Abstract

Much attention in recent years has been attracted by the process exploring useful information from a large amount of textual data produced by microblogging services such as Twitter. A very important preprocessing step is to convert natural language texts of microblog text mining into proper numerical representations.  The short-length characteristics of microblog texts result in using the term frequency vectors to represent microblog texts and it will cause “sparse data” problem. Finding proper representations for microblog texts is a challenging issue.In the previous paper, they applied deep networks so that they can map the high-dimensional representations to low-dimensional representations.The retweet and hashtags have been used as the semantic similarity. They used two types of approaches which includes modifying the training data and modifying the training objective. They have also shown that deep models perform better than traditional methods such as latent Dirichlet allocation topic model and latent semantic analysis.

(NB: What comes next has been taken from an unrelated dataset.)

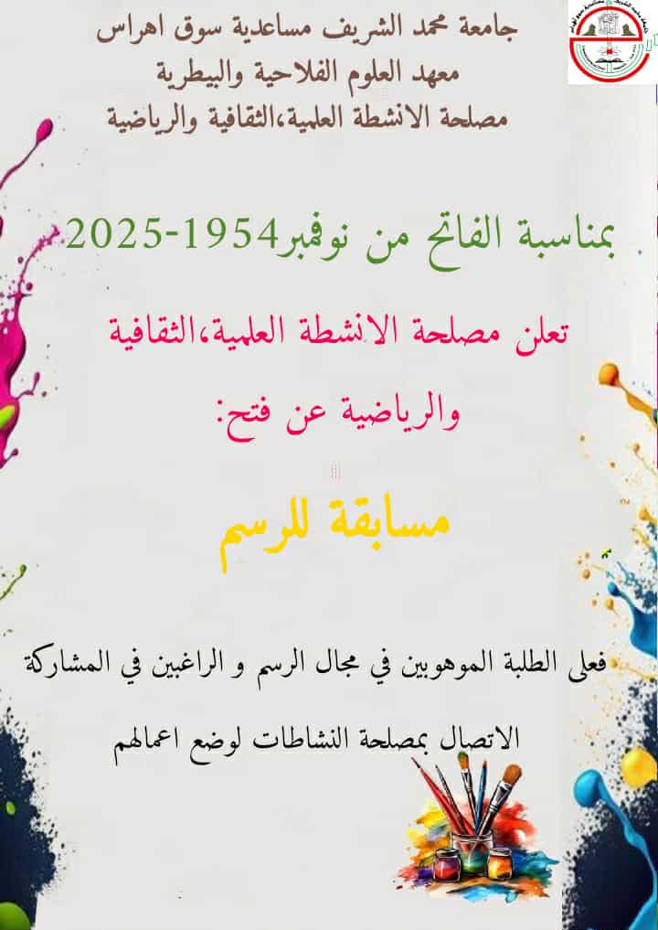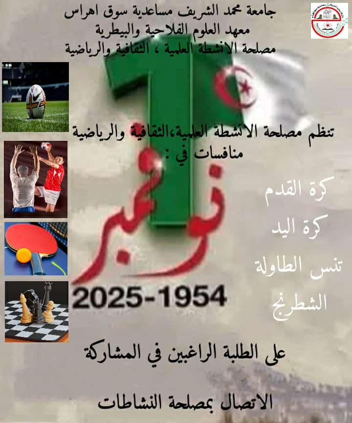 بمناسبة الإحتفال بعيد الثورة ، تعلن مصلحة الأنشطة العلمية و الثقافية و الرياضية بمعهد العلوم الفلاحية و البيطرية عن تنظيم مسابقات في مختلف الرياضات و كذا الرسم فعلى الطلبة الراغبين بالمشاركة التقدم إلى رئيس المصلحة من اجل تسجيل و تقديم رسوماتهم.

We Will Write a Custom Essay Specifically
For You For Only $13.90/page!


order now

 

1.Introduction

In the last few years, microblogging services such as Twitter has gained great popularity among the Internet users. The high volume of textual data produced by the microblogging services is very attractive to the researchers in the text mining field. Transforming natural language texts into numerical vectors is an important preprocessing step for many text mining tasks, such as cluster analysis and sentiment classification. The most widely adopted model for text representation is vector space model 1, where each document in a corpus is represented by a vector with each dimension corresponding to a separate term and the elements denoting the frequencies of the terms. An important issue that needs to be dealt with carefully when using term frequency vectors to represent texts is the “sparse data” problem.    

Exploring potentially useful information from the huge amount of textual data produced by microblogging has gained much attention. Transforming natural language texts into numerical vectors. We apply deep networks to map the high-dimensional representations of microbiology. Creating proper low-dimensional feature space for microblog texts and also investigate how to utilize the expansion approach to learn better features. For the classification of documents, given the document training data, the most well-known approaches start by assessing the words’ co-occurrence matrix versus documents. Researchers have proposed many approaches to enhance the representations of short text, such as expanding the original short document by adding semantically related terms 2, 3, or mapping a high-dimensional term frequency vector to a low-dimensional feature vector via latent semantic analysis (LSA) 4. There are a few approaches specifically proposed for dimensionality reduction of tweets. Instead, low dimensional representations of tweets are usually obtained as the by-products of topic modeling 5, 6, 7.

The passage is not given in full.